Rize'de 23 Kasım Çarşamba günü "4. Ulusal Taşkın Sempozyumu" düzenleyeceklerini belirten Eroğlu, Başbakan Yardımcısı Veysi Kaynak ile bu konferansa katılacaklarını bildirdi. Eroğlu, taşkınları önlemenin bir yolunun da HES'lerin yapılması olduğuna işaret etti.

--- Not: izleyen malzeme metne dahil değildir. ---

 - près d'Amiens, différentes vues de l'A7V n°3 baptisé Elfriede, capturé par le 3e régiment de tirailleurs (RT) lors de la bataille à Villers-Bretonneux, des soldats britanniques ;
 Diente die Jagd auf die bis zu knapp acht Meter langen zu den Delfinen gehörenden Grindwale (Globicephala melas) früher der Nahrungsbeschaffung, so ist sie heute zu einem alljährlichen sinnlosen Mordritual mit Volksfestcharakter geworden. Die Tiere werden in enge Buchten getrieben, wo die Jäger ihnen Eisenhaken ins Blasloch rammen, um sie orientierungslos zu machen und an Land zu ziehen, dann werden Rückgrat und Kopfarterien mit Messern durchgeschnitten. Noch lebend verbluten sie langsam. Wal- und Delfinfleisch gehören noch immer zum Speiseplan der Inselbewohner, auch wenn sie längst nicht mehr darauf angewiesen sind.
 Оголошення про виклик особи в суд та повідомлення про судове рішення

"HES'ler yapılınca zehirli su çıkacağı" yönündeki iddiaları yalanlayan Eroğlu, "Suyun zehirlenmesi mümkün değil. Kimyasal madde kullanılmıyor. Bu külliyen yalan, kuyruklu yalan. Hatta HES'lerden çıkan su, oksijeni daha bol, daha temiz sudur. HES'e girerken birtakım sürüntü maddeleri orada alacak ki daha temiz, berrak olsun, türbin çarklarına zarar vermesin diye. Neticede çıkan su da oksijeni bol su." diye konuştu.

- "Dünyada en pahalı ve en çevreci işletme bu bakır işletmesi olacak"

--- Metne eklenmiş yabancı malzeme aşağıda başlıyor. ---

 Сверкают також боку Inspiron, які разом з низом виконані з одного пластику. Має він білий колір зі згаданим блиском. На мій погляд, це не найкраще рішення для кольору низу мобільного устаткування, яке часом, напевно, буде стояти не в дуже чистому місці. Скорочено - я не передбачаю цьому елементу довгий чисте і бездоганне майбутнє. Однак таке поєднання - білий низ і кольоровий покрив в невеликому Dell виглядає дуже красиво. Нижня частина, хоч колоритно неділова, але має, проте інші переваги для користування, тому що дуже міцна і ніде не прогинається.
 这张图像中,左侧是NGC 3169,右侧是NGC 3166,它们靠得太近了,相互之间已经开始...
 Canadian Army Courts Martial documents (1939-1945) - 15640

Artvin'in Kafkasör Yaylası Cerattepe mevkisinde yürütülen madencilik faaliyetlerine ilişkin tepkilerin hatırlatılması üzerine Eroğlu, "Çevreyle uyumlu madenciliğe destek veriyoruz ama vahşi madenciliğe karşıyız." dedi.

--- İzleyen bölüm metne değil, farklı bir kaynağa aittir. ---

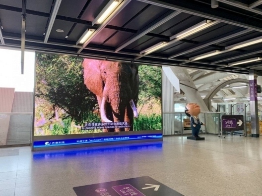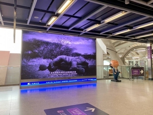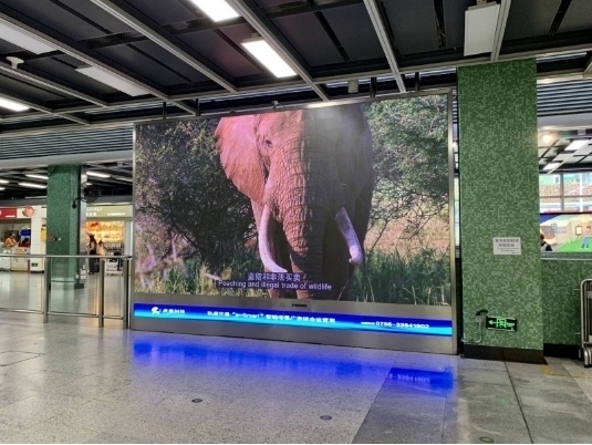 “没有买卖,就没有杀害。”深圳地铁中轴大线4号线内,虎童科技的超级智能大屏传出铿锵有力的口号,将濒危野生动物所处困境与保护的认知与保护生态环境的意识,以震撼影像之力传播发散到全城。
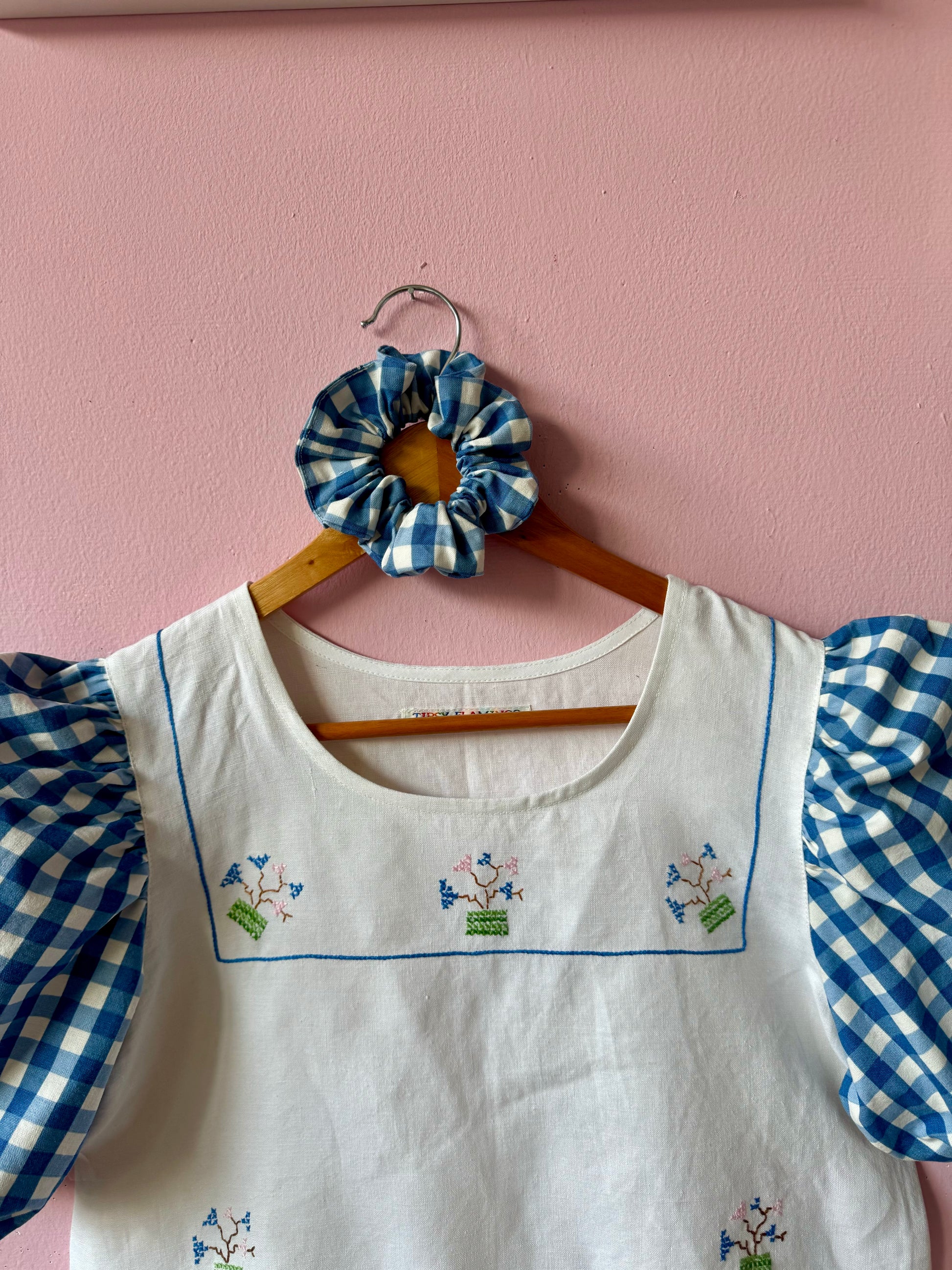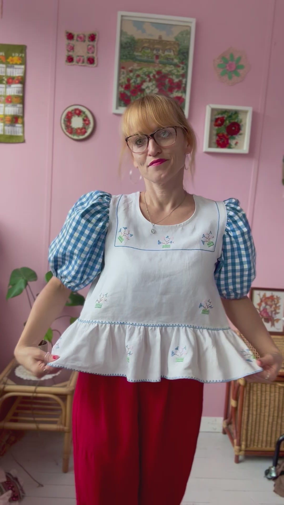 Peplum style blouse made from vintage tablecloth with cross stitching hand embroidery and blue borders
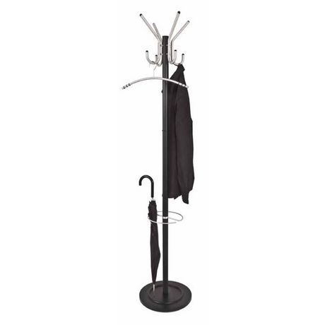 Informations Techniques : Dimensions : D. 36 x H. 182 cm Matière : Acier Spécificités : Tendance & Moderne Porte-Manteaux design Porte-Parapluies Intégré Livré Démonté Facile d'Entretien & d'Utilisation Nombre de colis : 1 Poids : 8,37 kg Couleur : Argent & Noir

Madencilik faaliyetlerini yürüten firmayla kendisinin de konuştuğunu anlatan Eroğlu, şöyle devam etti:

"Onlara 'Burada açık işletme olmaz.' dedim. 'Ormanları tahrip etmeden madeni al. Burada işletecek yer yok, bunu taşıyıp başka yerde işleteceksin.' Kabul etti. Bu sefer oradaki vatandaşlar bize geldi, 'Yol da olmasın.' dediler. Bunun üzerine ısrar ettik, 'Yol açma, teleferikle taşı.' dedik. Dolayısıyla bana göre, dünyada en pahalı ve en çevreci işletme bu bakır işletmesi olacak. Buna yürekten inanıyorum. Çünkü biz her türlü tedbiri aldık."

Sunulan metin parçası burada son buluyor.